The good news is that once you’ve found the problem food, you can take steps to alleviate any side effects. ‘You can sometimes eat small amounts of the food in question without it having too much of an effect. Equally, if you remove the food from your diet until you have a period of time with no symptoms, you may be able to reintroduce the food in small amounts without the side effects (see below for more info). It really is a case of trial and error and keeping a watchful eye on what you eat and how you react to different foods,’ adds Chloë. And if you do quit the specific food or food groups that are causing symptoms,  – you might experience a few wellbeing perks. You could find that you lose a few pounds, experience clearer skin, have more energy and just generally feel better, however it must be noted that the effects can vary from person to person and are often dependent on the severity of symptoms to begin with. And even if you can’t tolerate the trigger food after eliminating it for some time, there are plenty of free-from options such as gluten-free bread and pasta, lactose-free milk, vegan cheese and soya yoghurts.

Allergy or intolerance?

They are often used interchangeably, but food intolerances and allergies are actually very different issues.
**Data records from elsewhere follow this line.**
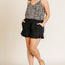 Imported XL.1XL.2XL Linen Blend Elastic Waist Ruffle Hem Shorts with Pockets 55% Linen 45% Cotton Black UMG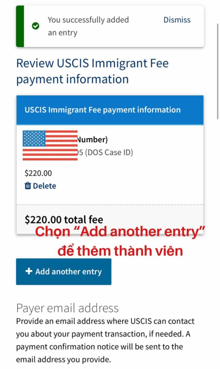 Nếu số lượng đóng >1 người, chọn "Add another entry" để thêm thành viên mới, điền tương tự cách trên.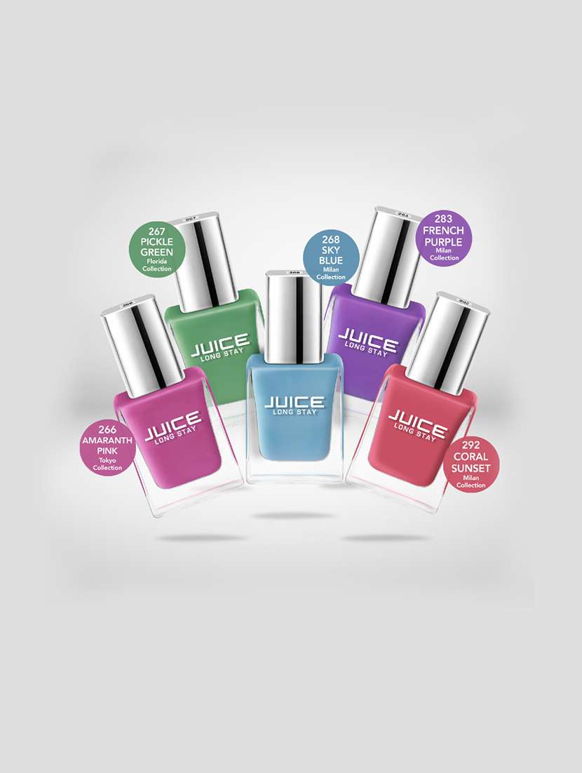 - » juice nail polish combo 15 - pickle green, sky blue, french purple, coral sunset, amaranth pink

The Food Standards Agency estimates that around 10 people a year in the UK die from severe allergic reactions to food. An allergy is where the immune perceives a specific food as a threat and releases antibodies to fight it. The immune system then typically produces immunoglobulin E (IgE) antibodies to the allergen, which trigger other cells to release substances that cause inflammation. ‘The body rejects and attacks certain foods, and although the symptoms are often mild, they can also be extremely dangerous and life-threatening,’ says Chloe. Even small trace amounts can cause nasty reactions such as eczema flare-ups, vomiting, diarrhoea or lip swelling, and in extreme cases, allergies can be fatal. Fortunately, food allergy is relatively rare, only affecting an estimated 1-2 per cent of people in the UK.